Reserve your right to rage. Be angry and be damn proud to be.
“she’s been dead so long
closed in silence so long
she doesn’t know the sound
of her own voice”
16 years and 353 days – You are on the bus scrolling through facebook
and something sublime happens. You are enraged by Sandra Bland’s
mural being defaced you can barely speak. Then from the deafening
silence, words start to come out: rhyme. From this great injustice a form
starts to emerge: poetry. Suddenly you find yourself writing everyday. It’s
less like writing in the mechanical, structured way you have known it in
school textbooks. No – it’s more appearing before your eyes and forming
in your mouth before you can even think about it. You are not thinking
but your emotions and your life are exploding onto a blank canvas. A
blank piece of paper. And you have found freedom – a type at least. Even
if you can’t always control the way you are feeling and the things that are
happening to you at least you can write about them. At least, you have a
record of the injustices committed against you and others like you. At
least you have a record of your truths. At least, even if you are vocally
silent about your pain, the black ink on the page won’t be.
“let her be born
let her be born
& handled warmly”
17 and a day – You stand up behind a mic with a bright light shining right
in your face. You can barely see who you are talking to but all you know
is this stage is a safe space. And anything you want to say you can. Here
you can speak for every coloured girl who has considered suicide when
the rainbow was enuf. For every coloured girl has ever doubted her
beauty. For every coloured girl who has ever questioned her blackness.
For every coloured girl who has wished at some point that she was not a
coloured girl. The poem ends, the private space you have made for
yourself onstage is pierced and as you sit back down people smile at you
and applaud. You feel heard. You feel acknowledged. You feel
recognised. And above all you realise that even if others won’t always let
you feel free, the written word and speech will always allow you to be.
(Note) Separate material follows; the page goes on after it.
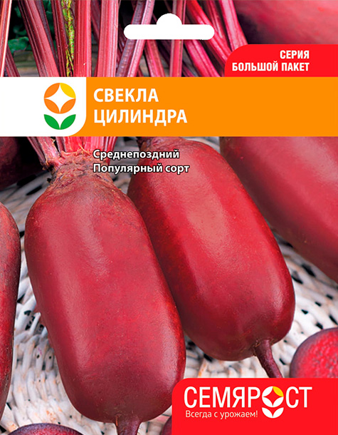 Свекла Цилиндра – Среднепоздний популярный сорт. Период от всходов до уборки урожая 130 дней. Корнеплод имеет удлиненно-цилиндрическую форму с заостренным концом и достигает 17 см в длину и 6 см в диаметре. Головка корнеплода среднего размера, приплюснутая, немного выступает над поверхностью почвы. Мякоть очень темная, сочная, без кольцеватости. Данный сорт хорошо сохраняется на протяжении длительного времени и отличается высокой урожайностью. Благодаря своим вкусовым качествам очень широко используется в кулинарии для добавления в различные блюда.
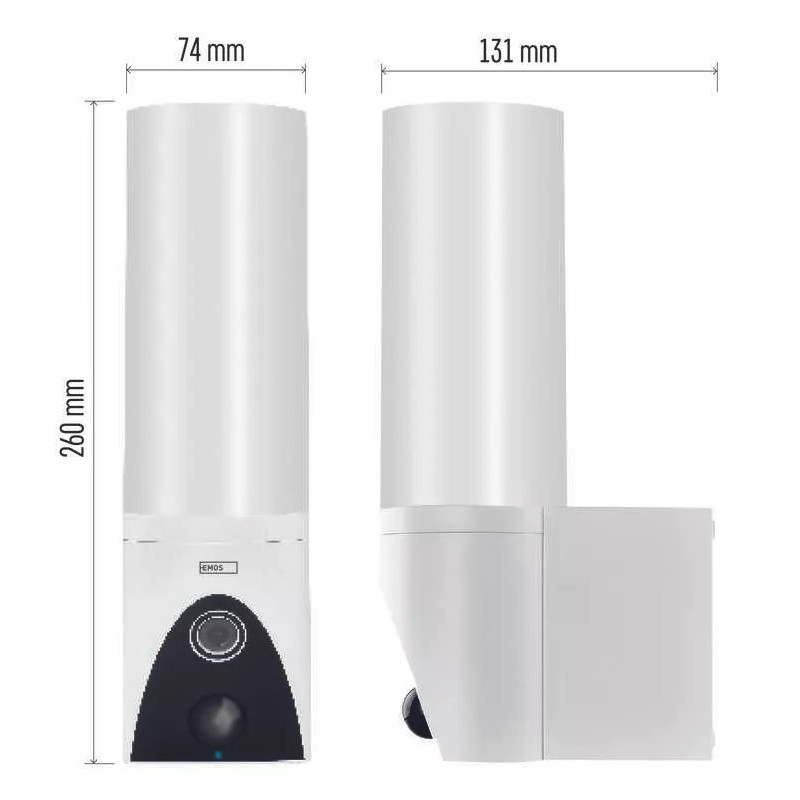 ► Kamera má širokouhlý objektív, rozlíšenie Full HD a nočné videnie a získate dokonalý a nestranný prehľad o dianí v jej okolí. Po aktivácii vás prostredníctvom mobilného telefónu upozorní na zaznamenaný pohyb v zornom poli objektívu a nahráva na kartu SD alebo do cloudového úložiska► Automatické ukladanie obrázkov: áno► Montáž: na stenu + na postavenie► Napájanie kamery: AC 100-240 V► Nastavenie oblasti detekcie: áno► Nočné videnie: áno► Maximálny dosvit nočného videnia: 10 metrov► Snímací prvok kamery: 1/2,9‘‘ 2 Megapixel CMOS► Farba: biela► Rozmery: šírka 74 mm, hĺbka 131 mm, výška 260 mm► Uhol záberu kamery: 130°► Krytie: IP65► Rozlíšenie kamery: 1 920 × 1 080► Detekcia pohybu: áno► Detekcia zvuku: nie► IR CUT: nie► Siréna: nie► Podporované OS: Android, iOS► Kompatibilita: EMOS GoSmart, TUYA, LIDL, Smartlife, otvorený systém► Protokol: Wi-Fi► Ukladanie na kartu SD► Ukladanie na cloud► Prenosová frekvencia: 2,4 GHz WIFI (IEEE802.11b/g/n)► Inštalačný materiál: áno► Ochrana proti odcudzeniu: blokované aplikáciou► Ovládanie hlasovými asistentmi► Hlasová komunikácia: obojsmerný► Notifikácie do mobilnej aplikácie► Jazyky aplikácie: EN, CZ, SK, PL, DE, HU, SI, FR, + 60 ďalších jazykov► Sledovanie pohybu (tracking)► Podpora ONVIF► Funkcia WebRTC: áno► Prídavné LED svetlo► Motorizované otáčanie► Uhol detekcie pohybu: 120°► Dosah detekcie pohybu: 10 metrov► Obsah balenia: 1× jednotka kamery, 1× sada skrutiek, 1× príručka

Jasmine Jones is a 17-year-old theatre student who has a passion for words, art and the rhythms of spoken word and alternative 90s hip-hop. At college and in her spare time, she enjoys performing her own writing and the writing of others. Follow her on twitter: @twicemilitant.
Reblogged this on movingblack and commented:
Home. Where we come from frames everything we see later, everywhere we go. Whether we liked home or not, whether we’re aware of it or not.
The recourse to reading this young poet talks about totes reminds me of my childhood and adolescence. Different authors, soothing the same pain.
If anyone’s never witnessed me explain why I’ve never dated anyone more than 3 years older than me or won’t go to ‘school uniform’ themed parties, ’13’ says it beautifully. I’m pretty sure the first 20 men who asked for my phone number were all at least 10 years older than me. It reminds me of my innocence with the first few, when I wasn’t sure why they enjoyed a brief conversation so much that they’d like a second one. I still remember the revulsion mixed with fear I felt at the sight of men obviously in their late 40s slowing their cars down to chirpse me and my school-uniform clad friends.
Having said that, growing up as a black girl was great training for becoming a black traveller! The writer, Jasmine Jones, articulates the home I first travelled from.
It’s rare the day when somebody else articulates my feelings or thoughts better than I do, but I’m grateful when they do. Thanks for writing Jasmine.
Wonderful article – and only 17 too!
I resonate with so much that has been written here. Seriously, young black women would benefit from reading this.